Moreno y el pan nuestro de cada día

Moreno y el pan nuestro de cada día

Hace tres años, el secretario de Comercio sellaba un acuerdo para sostener el precio del pan a $2,50 el kilo. ¿Sigue vigente el índice Moreno? 30 de Julio 2010

Corría agosto de 2007 y el polémico secretario de Comercio Interior, Guillermo Moreno, ratificaba el acuerdo de precios con la industria panificadora para la comercialización del pan francés tipo flauta (8 piezas por kilo, a $ 2,50), a pesar de los notables aumentos que se venían registrando en sus valores de producción. El acuerdo debía mantenerse siempre y cuando la harina quedase clavada en $ 30 la bolsa, aunque ya entonces acumulaba un aumento del 15%.

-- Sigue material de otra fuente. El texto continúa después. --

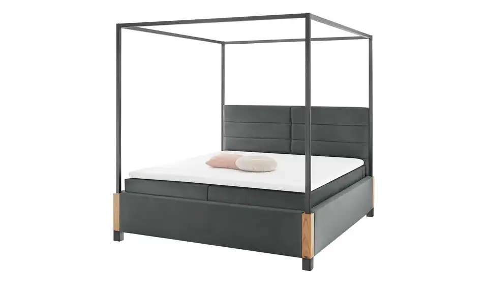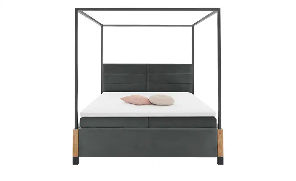 Schon seit 1993 erfüllen Möbel der Marke GALLERY M höchste Qualitätsansprüche und begeistern mit luxuriösen Komforteigenschaften. Die Marke verwendet eine klare Designsprache und achtet auf die Nutzung hochwertigster Materialien. Diese werden mit viel Liebe zum Detail und mit handwerklicher Perfektion zu einem Markenmöbel gefertigt, das so individuell ist, wie Sie selbst. Maßgeschneiderter Komfort und individualisierbares Design: Das Himmelbett My Heaven lässt sich kinderleicht an Ihre Schlafgewohnheiten und Ihren Einrichtungsstil anpassen. Moderner Blickfang ist das Kopfteil mit seiner Kassettensteppung. Durch die acht symmetrisch angeordneten Polsterbereiche wird der Stil des Bettes gekonnt eingefangen. Der samtig weiche Bezug schafft dabei eine ausbalancierte Mischung aus Komfort und Optik. Wählen Sie aus einer von vier modernen Bezugsfarben und entscheiden Sie sich für eine passende Gestellausführung. Hier haben Sie die Wahl zwischen einem glänzenden, verchromten Metallgestell und einer edlen, anthrazitfarbenen Ausführung. Kombinieren Sie dazu eigene, luftige Schals und Betthimmel, um ein exklusives Ambiente zu erschaffen. Natürliche Highlights aus Massivholz komplettieren das Designkonzept und lassen eine natürliche Note einfließen. Ob helles Eichenholz oder dunkles Nussbaumholz: Sie entscheiden, was zu Ihrem Einrichtungsstil am besten passt. Für höchsten Komfort sorgt die Kombination aus verstellbaren Federholzrahmen und Matratzen mit Tonnentaschenfederkernen. Letztere können Sie je nach gewünschtem Liegeempfinden aussuchen: So bleiben keine Wünsche offen.
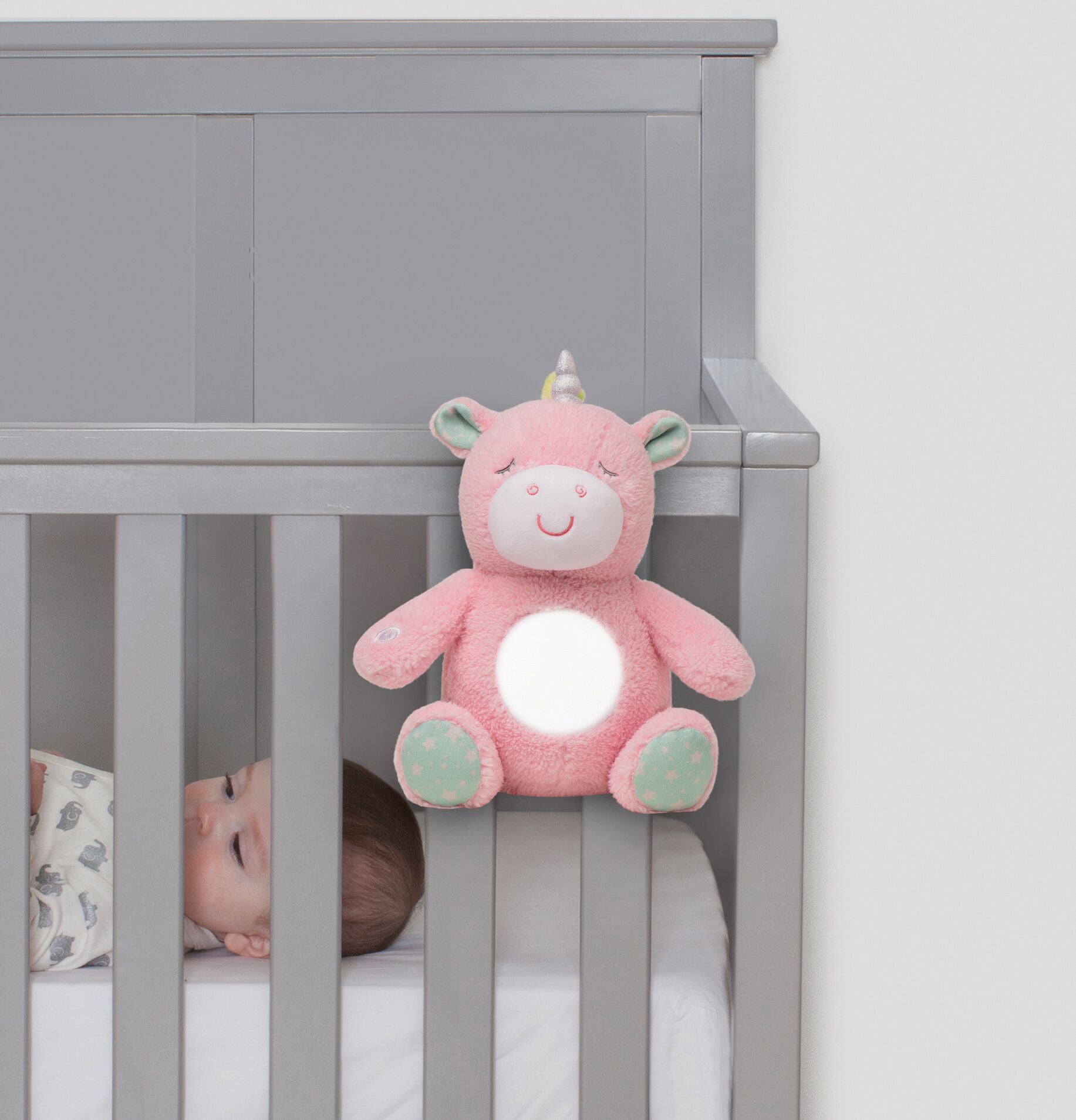 Soft Dreams Unicorn Music & Glow Soother is a cuddly plush with light up belly and gentle melody that soothes baby while developing comfort and security to help baby transition into sleep. This soother features music and a soft glow, a timer with auto shut off and an on/off switch for one touch control. Convenient strap on back attaches elephant to crib, stroller and more.
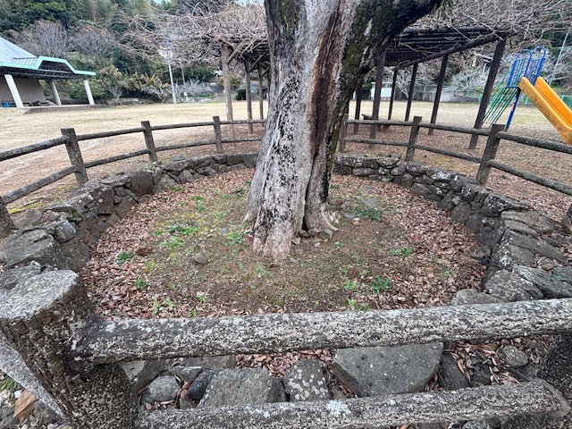 その後、江迎小学校が建てられ、そのグランド整備の際に盛土をしたのですが、ムクノキは当時の位置のまま置かれていたようで、このような状況になっているようです。
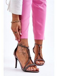 S. BARSKI Elegantné sandále na päte so striebornými kamienkami Jenesis

Durante aquella época, el funcionario más fiel del matrimonio Kirchner instaba a los consumidores a denunciar a los comercios que no vendiesen el pan al costo oficial, desafiando, incluso, a los medios que pusieran en duda la permanencia del acuerdo. “Que me demuestren en qué panaderías no se respetan las normativas del Gobierno”, bramaba por entonces el secretario, con su clásico estilo de tribuna.

Como ejemplo del supuesto cumplimiento de la medida, Moreno citaba a la panadería de su barrio, La Burdalesa, ubicada en la esquina de Oro y Santa Fe.

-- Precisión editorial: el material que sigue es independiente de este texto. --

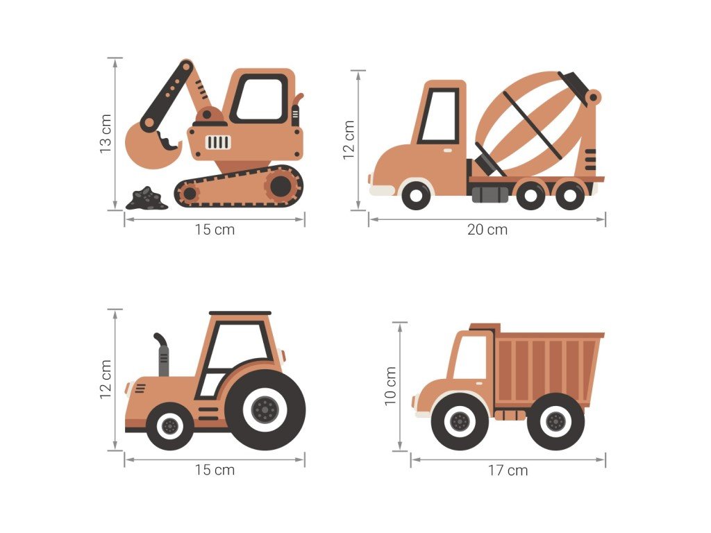 Sada nálepek na zeď se stavebními auty potěší všechny fanoušky těžké stavební techniky. Perfektně vyzdobí každý chlapecký pokoj. V sadě najdete 4 druhy stavebních aut a strojů, které můžete libovolně rozmístit na stěny v dětském pokoji. Budou nákladní auta, traktory, bagry a domíchávače zdobit okolí postýlky, psacího stolu, hracího koutku nebo budou rozmístěné po celém pokojíčku? Fantazii se meze nekladou - oříznutí po obvodu umožňuje individuální rozmístění. Nálepky na zeď jsou opatřeny speciálním matným laminátem, který je chrání před poškrábáním, poškozením a usnadňuje aplikaci na zeď - film je tlustší a snadněji se přenáší na stěnu.
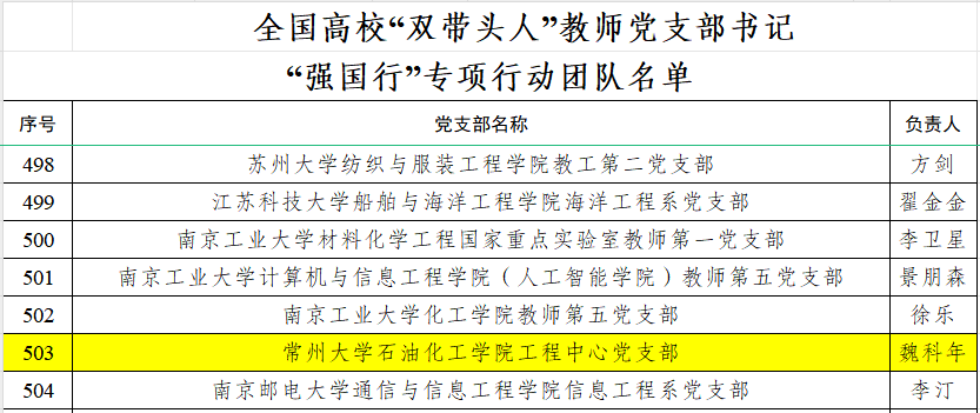 近日,教育部辦公廳、省委教育工委分別公布了全國、全省高?!半p帶頭人”教師黨支部書記“強(qiáng)國行”專項(xiàng)行動(dòng)團(tuán)隊(duì)名單。我校石油化工學(xué)院工程中心黨支部成功入選全國高校“雙帶頭人”教師黨支部書記“強(qiáng)國行”專項(xiàng)行動(dòng)團(tuán)隊(duì)。
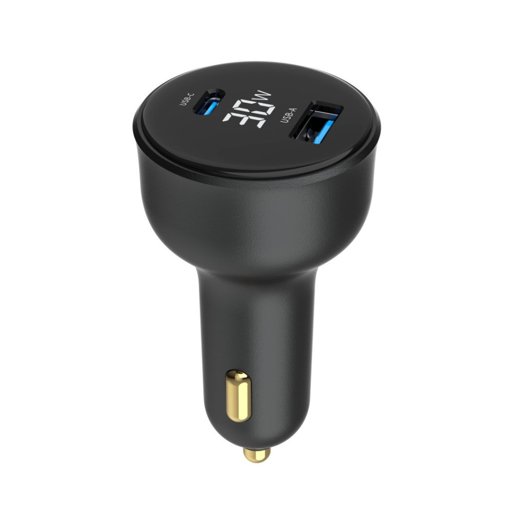 Gembird 2-Port USB Car Fast Charger Type-C PD LCD 30W Black
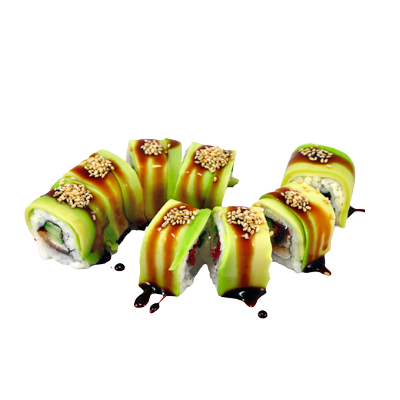 Склад: рис, вугор, огірок, авокадо, соус Унагі, ікра тобіко, кунжут
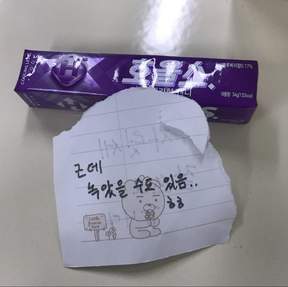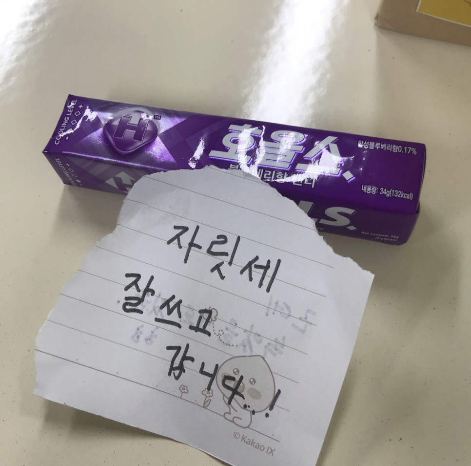 위 사진은 내가 남겨두고 온 자릿세이다. 수능날 자릿세라고 작은 간식을 주는 것은 내 로망이었다. 포스트잇을 가져오지 않아서 급하게 요점정리 노트의 귀퉁이를 찢어서 감사인사를 짧게 쓰고 남겨두고 왔다.
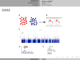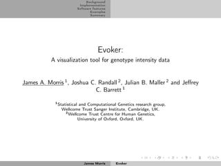 The document discusses Evoker, a visualization tool for genotype intensity data from genome-wide association studies (GWAS). It provides background on GWAS and highlights the importance of rigorous quality control procedures for GWAS to eliminate sources of false positives like poor quality DNA, population structure, and genotyping artifacts. The document then discusses Evoker's implementation and software features for visualizing quality control metrics and genotype intensity data to assist with quality control checks.
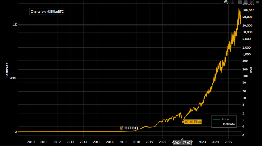 El ajuste de dificultad es la forma en que Bitcoin encuentra su homeostasis. Cuando Bitcoin fue prohibido en China en 2021, hubo una caída drástica en el poder de minado y, por tanto, se ralentizó levemente la emisión de monedas. 2.016 bloques después, la dificultad de minado se ajustó y el cronograma de emisión siguió prácticamente inalterado.
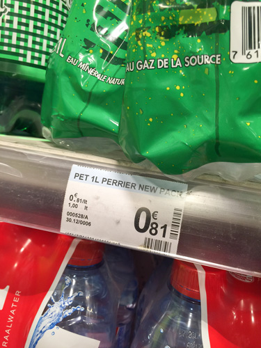同じところに1本のお値段と 6本1パックのお値段が 無造作に貼ってあるから、 ちょっと紛らわしいけれど、 「えっ、この水はこんなに高いの?!」 とかドキドキしてしまったりしなくて 大丈夫。

A poco de cumplirse tres años del recordado convenio, WE volvió al lugar donde el propio Moreno sigue comprando el pan todas las mañanas para comprobar si la disposición oficial sigue vigente.

La pregunta obligada, claro, es saber si todavía resulta rentable vender el pan a $ 2,50, teniendo en cuenta los incrementos registrados en la harina y los costos del producto. La respuesta, en boca de Juan José, uno de los propietarios de la confitería, no tarda en llegar: “El valor de ese pan se mantiene en $ 2,50 y se vende un kilo por persona, mientras que el kilo del pan no oficial está en $ 8”, confirma, para despejar dudas. Y agrega, con un dejo de resignación: “La verdad es que debemos acatar el acuerdo. No nos conviene, sobre todo porque apuntamos a otro target de clientes por la zona donde estamos ubicados, en pleno Palermo”. De hecho, Juan José confiesa que al pan a precio rebajado “nadie lo pide”.

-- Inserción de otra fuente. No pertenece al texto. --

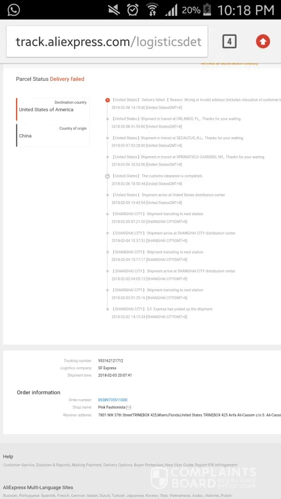 complaint _ tracking no.: [protected]
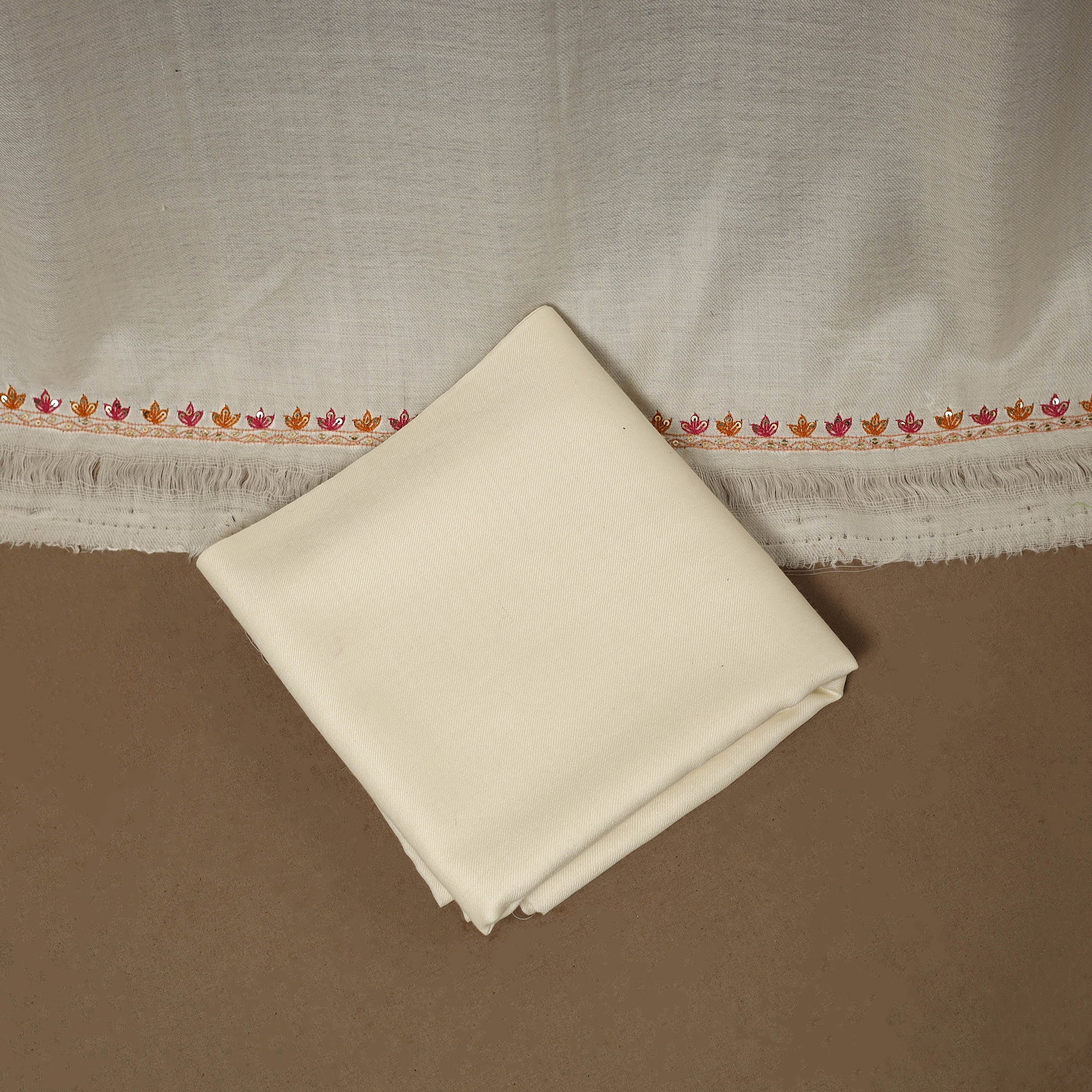 3pc unstitched dress material is ideal for elegant winter wear. Crafted from fine merino wool, it offers warmth and comfort during colder months. The set includes fabric for the top, bottom and dupatta, enhanced with delicate hand embroidery done by skilled artisans. Perfect for stitching into stylish suits, it suits both casual and festive occasions, making it a graceful choice for cozy winter outfits.

Y a la industria molinera, que proporciona la materia prima esencial para la producción del pan, ¿le conviene ese precio? Juan José toma aire y responde con tono de experto: “Los industriales lo hacen para cumplir la ley. La elaboración de ese tipo de pan está subvencionada por el Estado. Ellos hacen la diferencia económica con la exportación”.

Menos diplomático que el dueño de La Burdalesa, un alto ejecutivo de la Federación Argentina de la Industria Molinera (FAIM), que prefiere conservar el anonimato, asegura que con los aumentos registrados en la harina desde 2007, cercanos al 35%, “mantener el valor del pan a $ 2,50 es totalmente ilógico. Un disparate”.

Como sea; queda claro que en la distorsión de los precios relativos por rubro, “el guardián de la inflación” tiene mucha incidencia. ¿Será que Moreno todavía asusta a los pequeños comerciantes? Es posible. Lo cierto es que el emblemático secretario sigue provocando reacciones teñidas de sobreactuada prudencia. ¿Persistirán? ¿Por cuánto tiempo?